Theorem. Let Φ be a set of propositions of some first order language. Suppose that every finite subset F⊆Φ is satisfiable (i.e., it leads to no contradiction). Then the entire set Φ is satisfiable.
In plain English, if Φ leads to a contradiction, then it has some finite subset that also leads to a contradiction. Or, given Godel's completeness theorem (no, not an incompleteness theorem, this is another kettle of formula), if every finite subset of Φ has a model, then Φ has a model.

Proofs of the compactness theorem are mostly technical and unenlightening. A handwaving proof comes from the first observation above: If Φ leads to some contradiction, then the derivation of the contradiction would "have to" use only finitely many propositions of Φ (since it is of finite length) -- but we're assuming Φ is finitely satisfiable.

This theorem is incredibly important. It does not hold in a useful form for second order logic, mostly because there is no completeness theorem there. Back in first-order logic, Robinson's non-standard analysis uses a parametrized version of compactness to prove results in the non-standard world. Even in "zero'th order logic" -- propositional calculus -- compactness is not completely trivial (although the handwaving proof above becomes more convincing).

Some relatively easy applications:

Logic
The following are true for any theory in first-order logic
Algebra
Almost anything algebraic is a model.
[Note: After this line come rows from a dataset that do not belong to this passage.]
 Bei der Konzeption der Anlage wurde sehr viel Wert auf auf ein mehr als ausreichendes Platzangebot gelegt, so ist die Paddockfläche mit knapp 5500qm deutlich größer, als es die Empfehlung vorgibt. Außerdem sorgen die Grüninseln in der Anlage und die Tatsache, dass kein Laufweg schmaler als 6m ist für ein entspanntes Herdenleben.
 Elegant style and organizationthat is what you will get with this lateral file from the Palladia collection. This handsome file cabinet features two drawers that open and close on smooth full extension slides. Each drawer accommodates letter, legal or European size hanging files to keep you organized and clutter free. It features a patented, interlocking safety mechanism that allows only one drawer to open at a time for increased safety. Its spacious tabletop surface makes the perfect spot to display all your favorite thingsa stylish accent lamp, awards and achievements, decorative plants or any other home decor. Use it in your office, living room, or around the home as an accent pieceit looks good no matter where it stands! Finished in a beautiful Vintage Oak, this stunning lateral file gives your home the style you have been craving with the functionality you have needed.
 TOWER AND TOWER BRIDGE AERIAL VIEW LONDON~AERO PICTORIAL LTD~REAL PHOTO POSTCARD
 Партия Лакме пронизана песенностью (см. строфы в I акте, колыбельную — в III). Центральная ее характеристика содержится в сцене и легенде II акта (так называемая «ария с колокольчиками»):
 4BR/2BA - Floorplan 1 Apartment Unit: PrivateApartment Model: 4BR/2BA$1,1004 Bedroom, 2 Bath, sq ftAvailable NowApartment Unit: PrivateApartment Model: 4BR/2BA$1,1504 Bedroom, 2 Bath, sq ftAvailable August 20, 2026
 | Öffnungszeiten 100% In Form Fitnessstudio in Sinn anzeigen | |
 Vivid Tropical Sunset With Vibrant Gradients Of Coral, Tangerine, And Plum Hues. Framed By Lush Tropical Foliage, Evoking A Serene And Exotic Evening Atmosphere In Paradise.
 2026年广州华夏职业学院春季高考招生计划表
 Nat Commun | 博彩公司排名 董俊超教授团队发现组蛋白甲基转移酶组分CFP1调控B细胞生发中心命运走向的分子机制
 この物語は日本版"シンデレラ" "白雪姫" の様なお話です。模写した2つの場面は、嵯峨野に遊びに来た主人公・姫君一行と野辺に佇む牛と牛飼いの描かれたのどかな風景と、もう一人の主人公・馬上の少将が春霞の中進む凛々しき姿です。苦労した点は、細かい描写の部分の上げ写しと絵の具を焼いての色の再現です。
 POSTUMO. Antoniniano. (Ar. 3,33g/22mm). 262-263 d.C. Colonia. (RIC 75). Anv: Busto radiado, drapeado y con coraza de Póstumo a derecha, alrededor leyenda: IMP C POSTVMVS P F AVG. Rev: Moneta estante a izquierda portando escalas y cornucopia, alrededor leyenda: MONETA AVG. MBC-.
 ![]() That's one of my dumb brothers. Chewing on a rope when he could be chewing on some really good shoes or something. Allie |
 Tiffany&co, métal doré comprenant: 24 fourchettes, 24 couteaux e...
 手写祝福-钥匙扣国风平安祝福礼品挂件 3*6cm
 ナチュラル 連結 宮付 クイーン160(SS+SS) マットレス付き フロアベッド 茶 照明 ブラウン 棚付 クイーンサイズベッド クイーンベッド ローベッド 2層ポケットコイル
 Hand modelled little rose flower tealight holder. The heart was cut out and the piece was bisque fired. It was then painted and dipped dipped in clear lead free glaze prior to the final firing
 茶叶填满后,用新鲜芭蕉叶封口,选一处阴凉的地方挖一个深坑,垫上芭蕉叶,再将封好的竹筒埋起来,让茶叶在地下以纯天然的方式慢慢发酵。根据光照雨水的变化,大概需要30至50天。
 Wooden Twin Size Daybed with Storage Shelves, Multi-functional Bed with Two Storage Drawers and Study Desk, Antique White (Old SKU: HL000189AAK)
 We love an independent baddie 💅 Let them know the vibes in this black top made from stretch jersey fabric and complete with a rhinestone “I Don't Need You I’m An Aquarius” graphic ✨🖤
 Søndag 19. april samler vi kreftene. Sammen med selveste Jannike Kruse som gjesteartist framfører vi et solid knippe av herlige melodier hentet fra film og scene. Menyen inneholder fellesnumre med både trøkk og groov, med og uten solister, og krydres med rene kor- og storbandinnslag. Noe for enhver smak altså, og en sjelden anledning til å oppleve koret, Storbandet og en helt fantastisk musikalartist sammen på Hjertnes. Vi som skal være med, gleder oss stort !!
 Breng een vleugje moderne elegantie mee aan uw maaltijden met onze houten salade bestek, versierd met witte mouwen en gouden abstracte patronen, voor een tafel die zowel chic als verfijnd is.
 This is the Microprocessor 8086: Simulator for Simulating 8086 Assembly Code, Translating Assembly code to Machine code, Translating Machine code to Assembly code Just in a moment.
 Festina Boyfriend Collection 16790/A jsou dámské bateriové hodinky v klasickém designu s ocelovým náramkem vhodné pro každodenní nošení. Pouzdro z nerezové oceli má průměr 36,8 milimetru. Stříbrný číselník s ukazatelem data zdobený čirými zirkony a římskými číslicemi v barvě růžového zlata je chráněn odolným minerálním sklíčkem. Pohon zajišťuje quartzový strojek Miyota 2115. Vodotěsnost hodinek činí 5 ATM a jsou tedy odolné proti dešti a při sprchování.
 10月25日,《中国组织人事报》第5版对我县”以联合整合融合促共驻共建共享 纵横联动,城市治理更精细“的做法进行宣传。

As just one example, every partial order can be extended to a total order.
Graph theory
The language of graph theory has a world of the graphs nodes, and contains a single relation, "aEb", that states "a is adjacent to b". To get graph theory, add the propositions "∀a.∀b.aEb → bEa" and "∀a.~(aEa)" to all sets Φ below (but the results hold without these axioms -- they're true of digraphs with cycles, too). Any graph is a model of the above axioms.
  • There is no formula F(x,y) that says "x is connected to y". Since SQL is just first-order logic, it follows that it cannot express connectivity either, unless denormalized by adding extra tables! Connectivity is not expressible in first-order logic.
  • If every finite subset of a graph can be k-coloured, then the entire graph can be k-coloured.